To be sure, no one expected the Eagles to contend for the postseason this year. A first-year head coach, a rookie quarterback, a young, inexperienced corps of wide receivers, and a questionable secondary defense assured that there would be growing pains. But after the Birds won their first three games, including a 34-3 whitewashing of the perennially contending Pittsburgh Steelers, expectations changed. And they should have.

Even after the bye week when the losses started to mount, the Eagles still played with passion and determination. They remained competitive, beating the then-undefeated Minnesota Vikings, and the NFC South's division-leading Atlanta Falcons. What's more, the Birds could have easily won any of the other four games they played during that period, losing by no more than a touchdown to any of their opponents.

But their performance in the last three losses - Seattle Seahawks (26-15), Green Bay Packers (27-13), and especially Sunday's loss against the Bengals - is unacceptable. Most of the points the Eagles scored in those games were "garbage points," tallied after they no longer had a chance to win.

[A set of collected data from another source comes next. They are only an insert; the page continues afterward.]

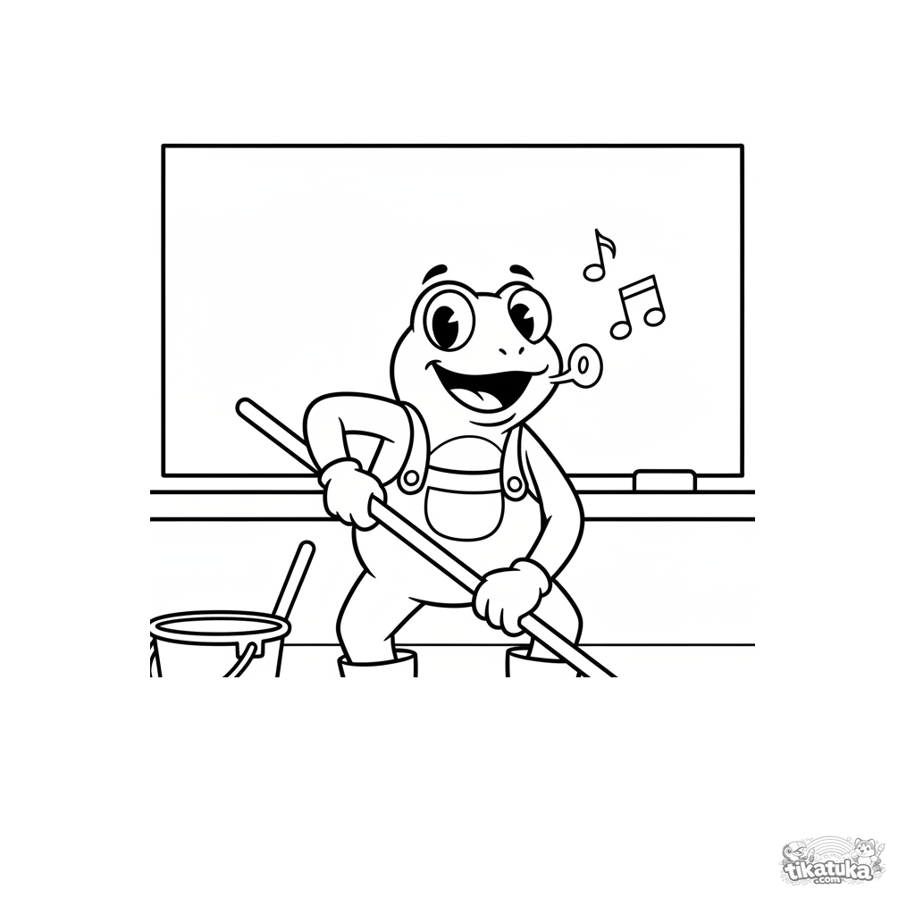 Página para colorir para crianças pequenas 2-3: um zelador sapo alegre com macacão esfrega o chão sob o quadro da escola na sala de aula, formas simples.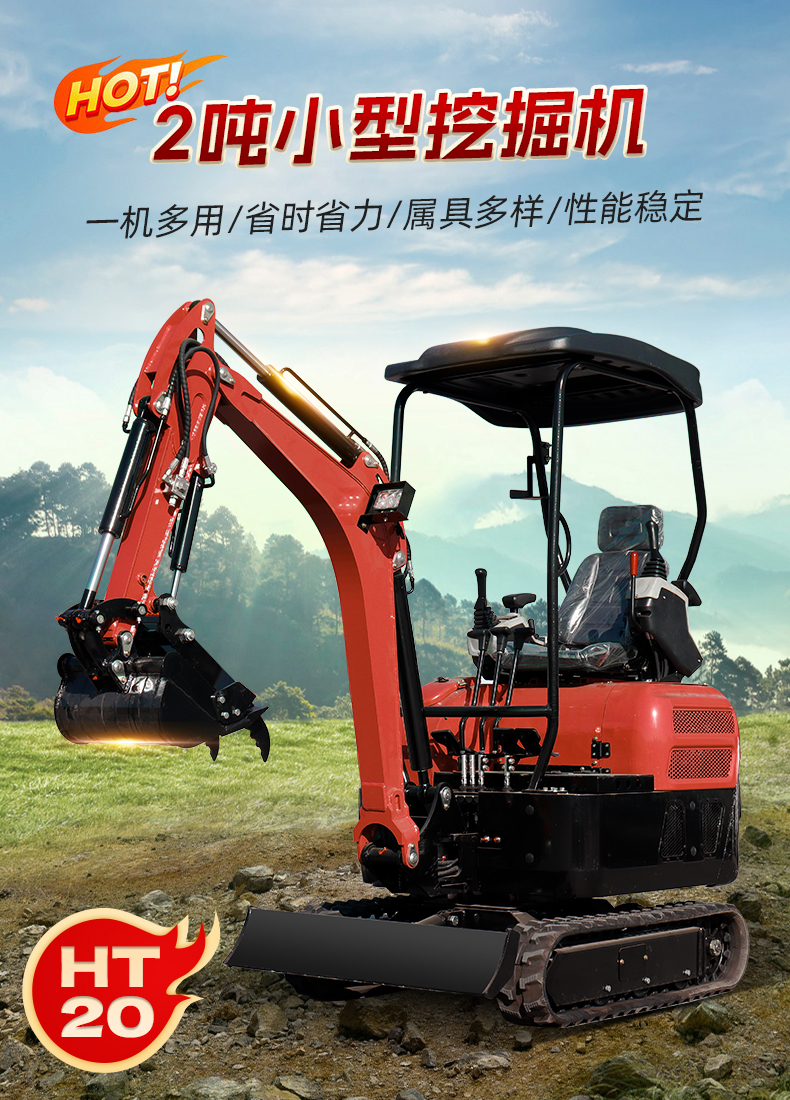 復雜工況(如山地開荒、破碎作業(yè) ):對動力和屬具兼容性要求高。海拓 HT18 挖掘機,配備品牌發(fā)動機,動力強勁,支持 30 + 種屬具(如破碎錘、松土器 ),應對破碎、挖掘、抓舉等多場景作業(yè);HT20 作為 2 噸級機型,大臂油缸倒立設計增加挖掘深度,屬具多樣,也適配復雜工況。
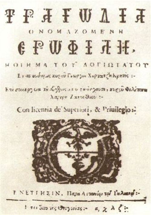 Πρέπει να γράφτηκε περίπου το 1595 (αφού αναφέρεται στην επιδημία πανούκλας που έπληξε τη Κρήτη ανάμεσα στα 1592-5) κι εκδόθηκε πρώτη φορά το 1637 στη Βενετία. Το έργο αφιερώνεται στο δικηγόρο Ιωάννη Μούρμουρη, δικηγόρο από τα Χανιά. Είναι γραμμένη σε 15σύλλαβο ομοιοκατάληκτο στίχο, με εξαίρεση τα χορικά, που είναι γραμμένα σ’ 11σύλλαβους σε τερτσίνες (τρίστιχες στροφές).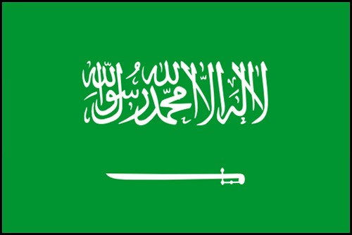 Le drapeau saoudien a les couleurs suivantes : vert et blanc et se distingue par un fond vert, couleur de l’Islam. Le drapeau porte, en blanc, un sabre et la chahada.
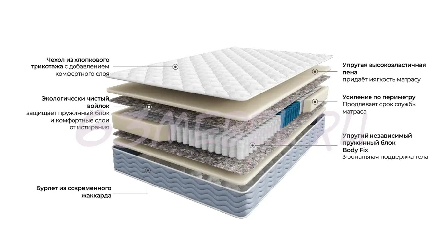 Наполнение: Высокоэластичная пена, Войлок, Пружинный блок Body fix, ППУ короб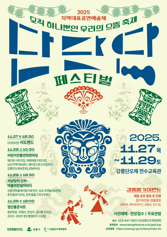 【강릉】강릉단오제위원회는 27일부터 29일까지 강릉단오제전수교육관 일원에서 ‘2025 단단단페스티벌’을 개최한다.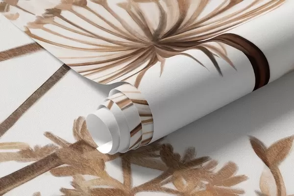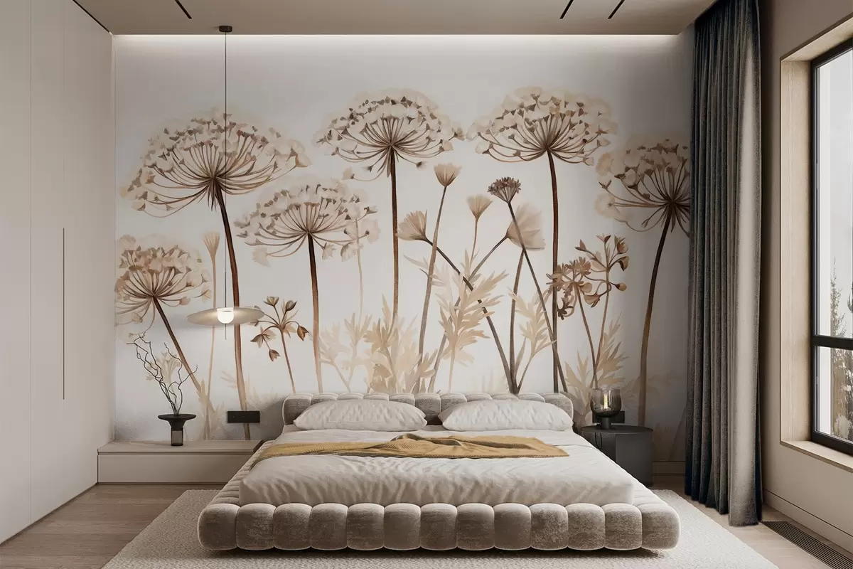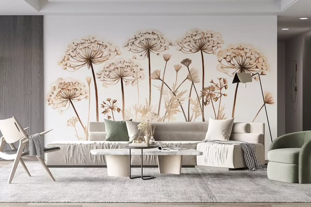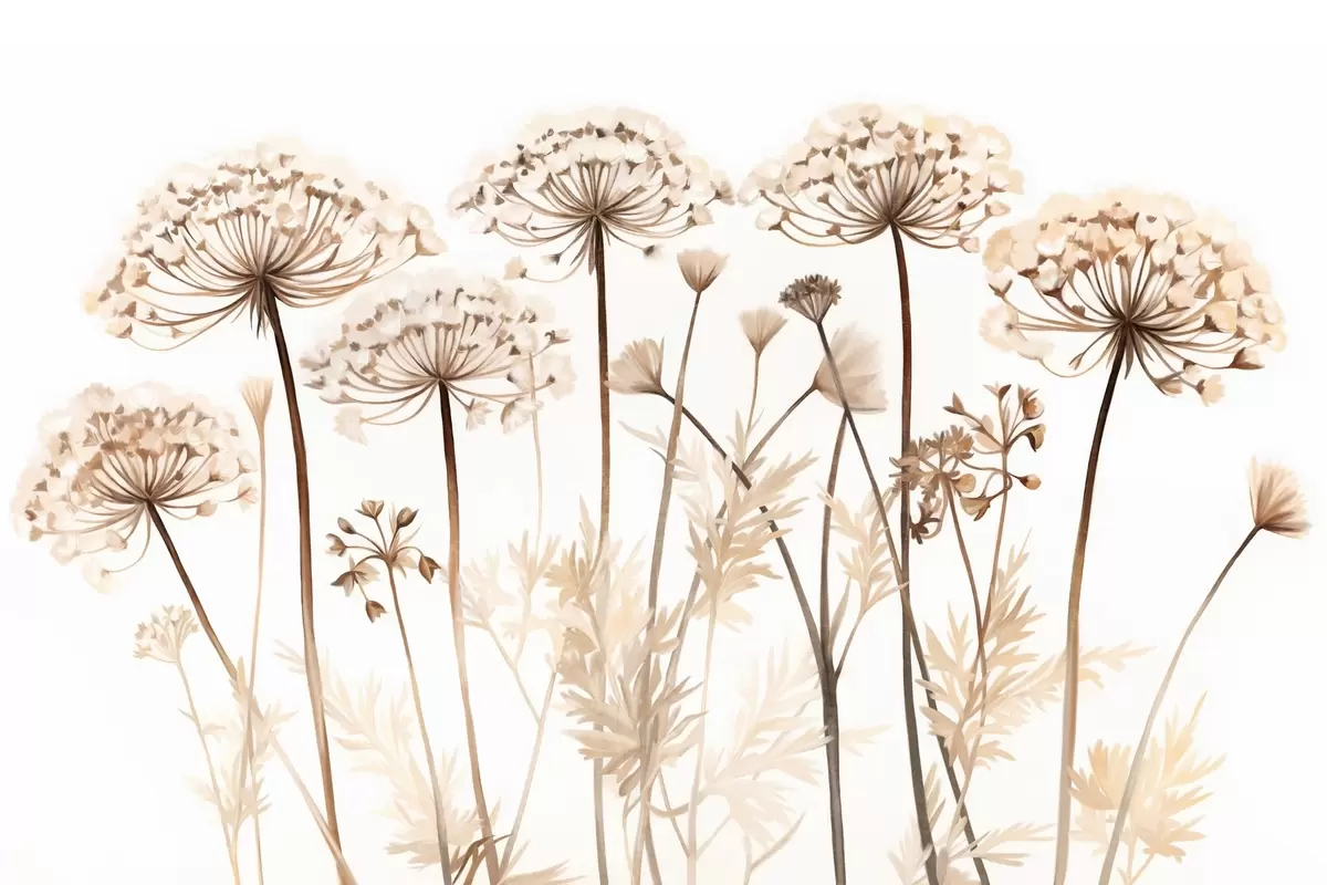 Fototapety Květy krajky královny Anny v poli, texturovaná imitace malby, hnědá, béžová a bílá paleta barev, botanická ilustrace Č. w09294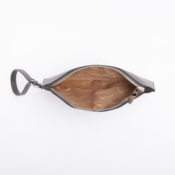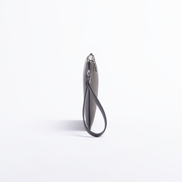 Color blocked felt-like material with coordinating trim.  Shiny accent hardware.  Top zipper closure.  Wristlet strap.  One main compartment.  9.75"L x 6.5"H.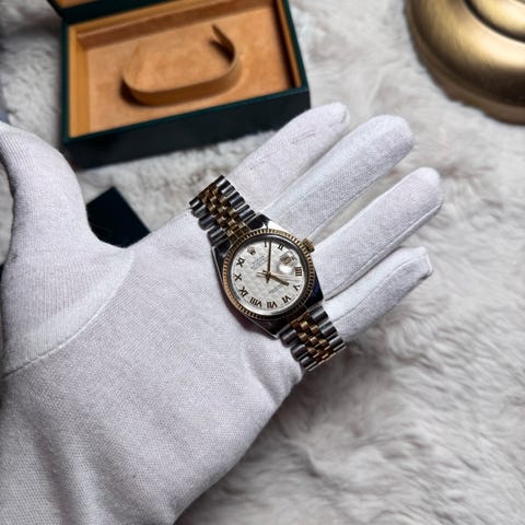 Tässä ysärivintage mallissa luotettava Rolex Caliber 3135 automaattikoneisto ja safiirilasi.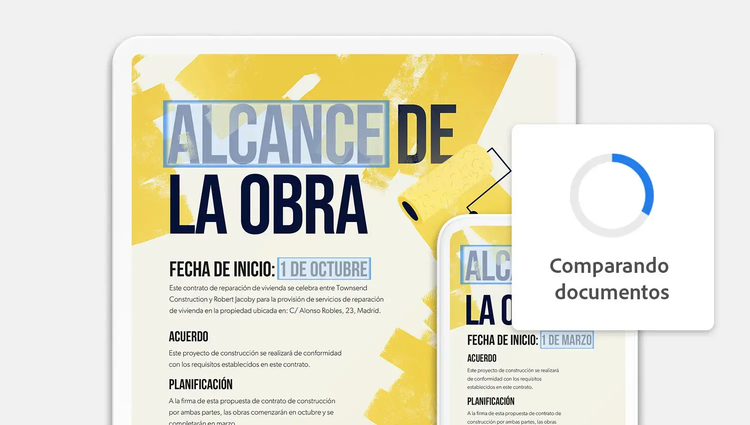 Utiliza la herramienta Comparar archivos para identificar fácil y rápidamente lo que ha cambiado entre dos versiones de tu PDF.

What's so disturbing is not the fact that they lost those games, but how they lost them. Not only did the coaches and the players fail to meet the standard that they set for themselves earlier in the season, but they did so with very little passion, focus, or pride. And that is an insult to the fans because it reflects on us and our city.

The next time Doug Pederson, his coaching staff, and his players don the green, white, and black, they better remember that they all get paid to compete with heart, to win, and to represent this city with some pride.

If not, they just might be out of a job in pro football, and then they'll find out just how hard life really is.